🤖 AI Summary
Existing story visualization methods struggle to simultaneously achieve precise character customization, semantic consistency, and continual integration of new characters. To address this challenge, this work proposes EverTale, a story world simulator that leverages a unified LoRA module for efficient continual character adaptation. EverTale introduces three core mechanisms: an integrated character integrator, a chain-of-thought reasoning quality gate based on multimodal large language models (MLLMs), and a character-aware region-focused sampling strategy. The proposed approach significantly outperforms current methods in both single- and multi-character story generation tasks, effectively mitigating identity degradation and layout conflicts while enabling high-quality, coherent, and scalable story visualization.
📝 Abstract
Story visualization has gained increasing attention in computer vision. However, current methods often fail to achieve a synergy between accurate character customization, semantic alignment, and continuous integration of new identities.
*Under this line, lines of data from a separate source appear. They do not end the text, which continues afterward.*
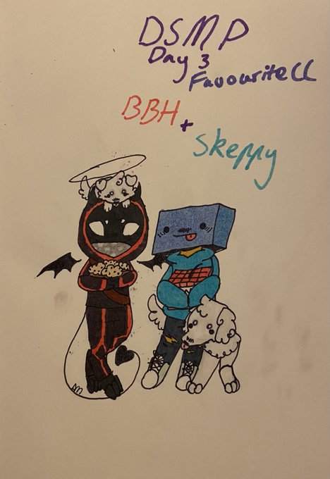 Dsmptober day 3! I didn’t post day 1 here and I didn’t do day 2. I really liked how this turned out! Although I didn’t have markers in colours I wanted so Skeppys skin tone is a bit off I think #DSMPtober #dsmp #dsmpfanart #skeppyfanart #bbhfanart #happytwt
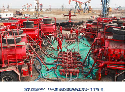 油气井水力压裂是由高压泵将压裂液以超过地层吸收能力的排量注入井中,在井底造成高压,以克服最小主地应力、岩石的抗张强度与断裂韧性,使地层破裂并延伸出裂缝,在裂缝形成后,注入混有一定直径、较好圆度和球度、较高强度和较高分选度的支撑剂,用于支撑已形成的裂缝,最终实现增产目的。1947年,油井压裂作业首先在美国试验并获得成功,而后得到广泛推广和应用。上世纪50年代和60年代,压裂主要用于单井的增产、增注。70年代,随着大量的低渗透油田投入开发,压裂工艺技术得到越来越广泛的应用,并成为最主要的提高单井产量的手段。80年代,迎来水力压裂发展史上极为重要的阶段。水力压裂技术由传统的单井作业发展到与油藏工程相结合的整体设计、优化及作业上来。进入90年代以后,水力压裂成为决定低渗透油田开发成败的核心技术。
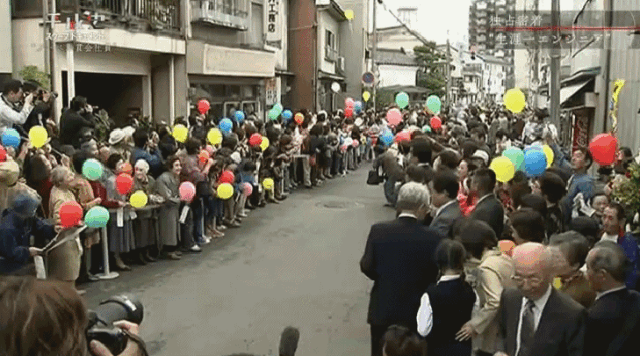 夾道歡迎的粉絲們甩動氣球彩帶,
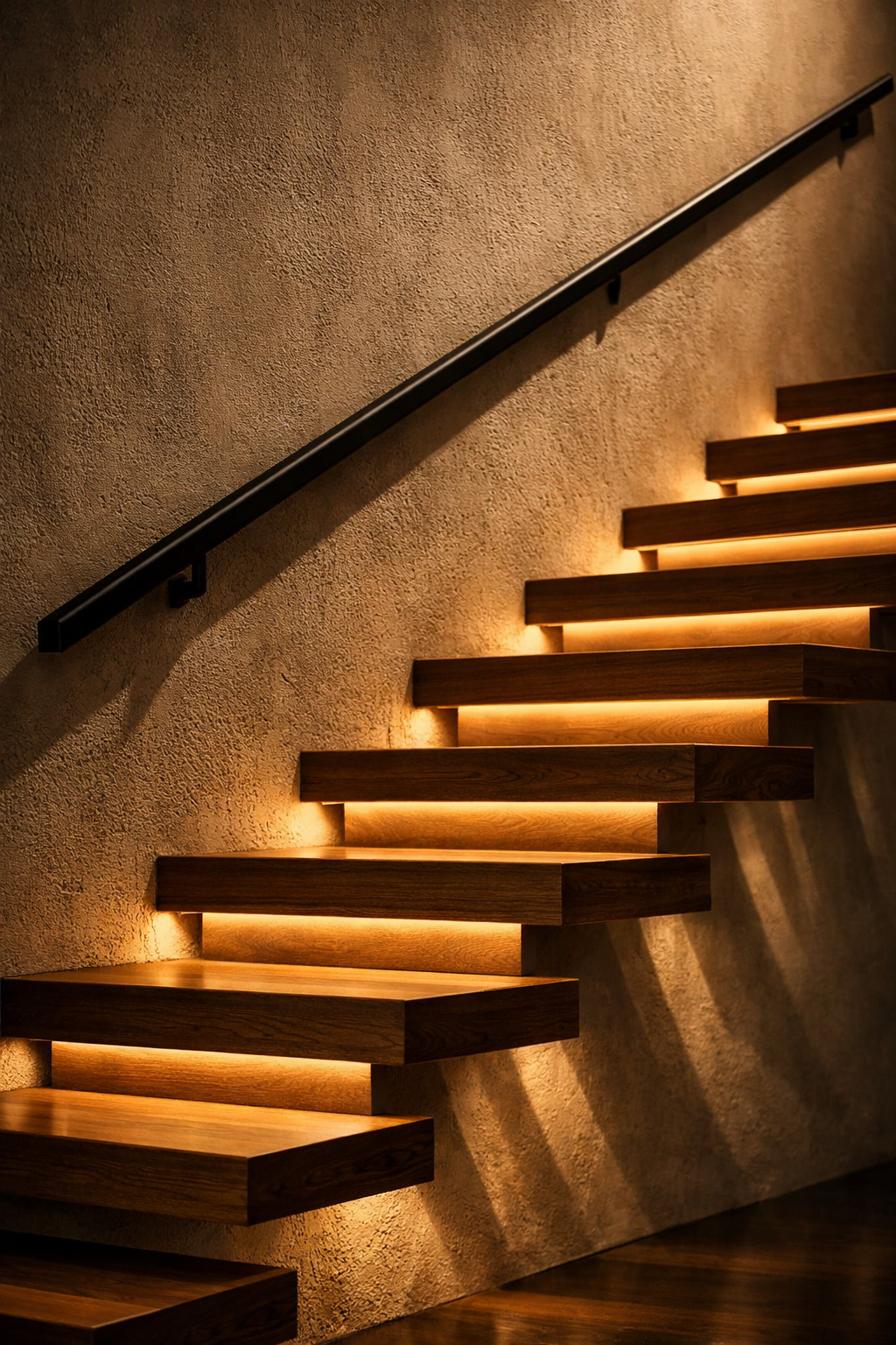 Floating staircases provide a sleek contemporary look that feels open and light. By incorporating LED strip lighting underneath each tread adds to the floating effect while increasing the safety. Warm lighting enhances the look and cool lighting gives an airy feel. This style is perfect for modern and minimalist houses.
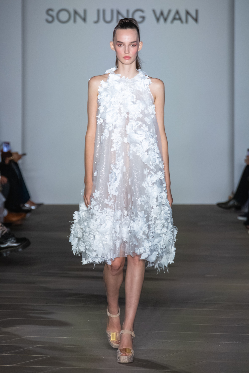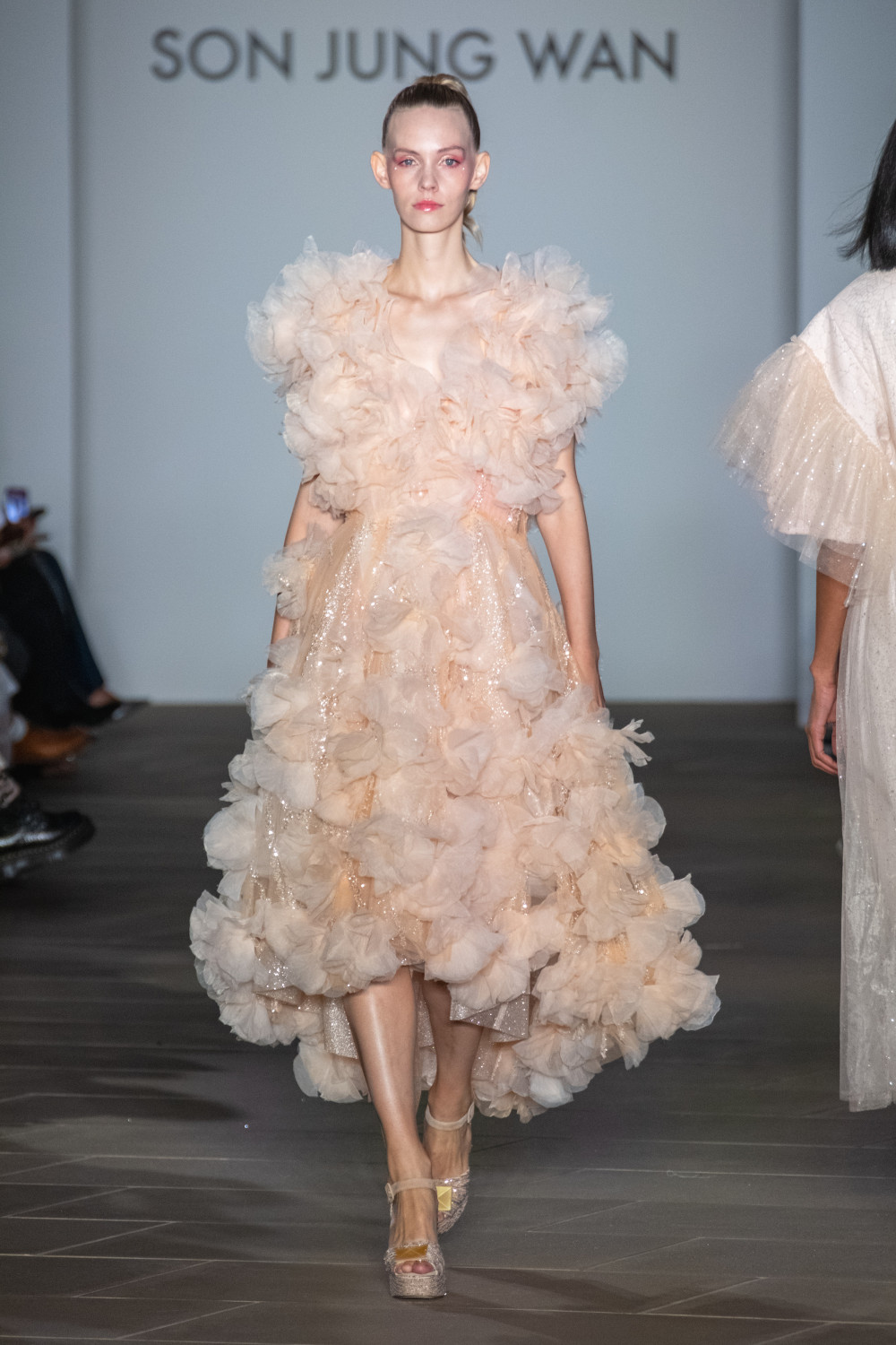 Южнокорейский дизайнер мастерски объединил классический романтизм с современными акцентами, подчеркивая свое умение творить на стыке традиций и новаторства.Особенно нашей редакции полюбилось то, как изящные аппликации — пайетки — сочетались с тюлем и жаккардом, придавая образам утонченность и элегантность.

To tackle this challenge, in this paper we present EverTale, a story world simulator for continuous story character customization. We first propose an All-in-One-World Character Integrator to achieve continuous character adaptation within unified LoRA module, eliminating the need for per-character optimization modules of previous methods. Then, we incorporate a Character Quality Gate via MLLM-as-Judge to ensure the fidelity of each character adaptation process through chain-of-thought reasoning, determining whether the model can proceed to the next character or require additional training on the current one. We also introduce a Character-Aware Region-Focus Sampling strategy to address the identity degradation and layout conflicts in existing multi-character visual storytelling, ensuring natural multi-character generation by harmonizing local character-specific details with global scene context with higher efficiency. Experimental results show that our EverTale achieves superior performance against a wider range of compared methods on both single- and multi-character story visualization. Codes will be available.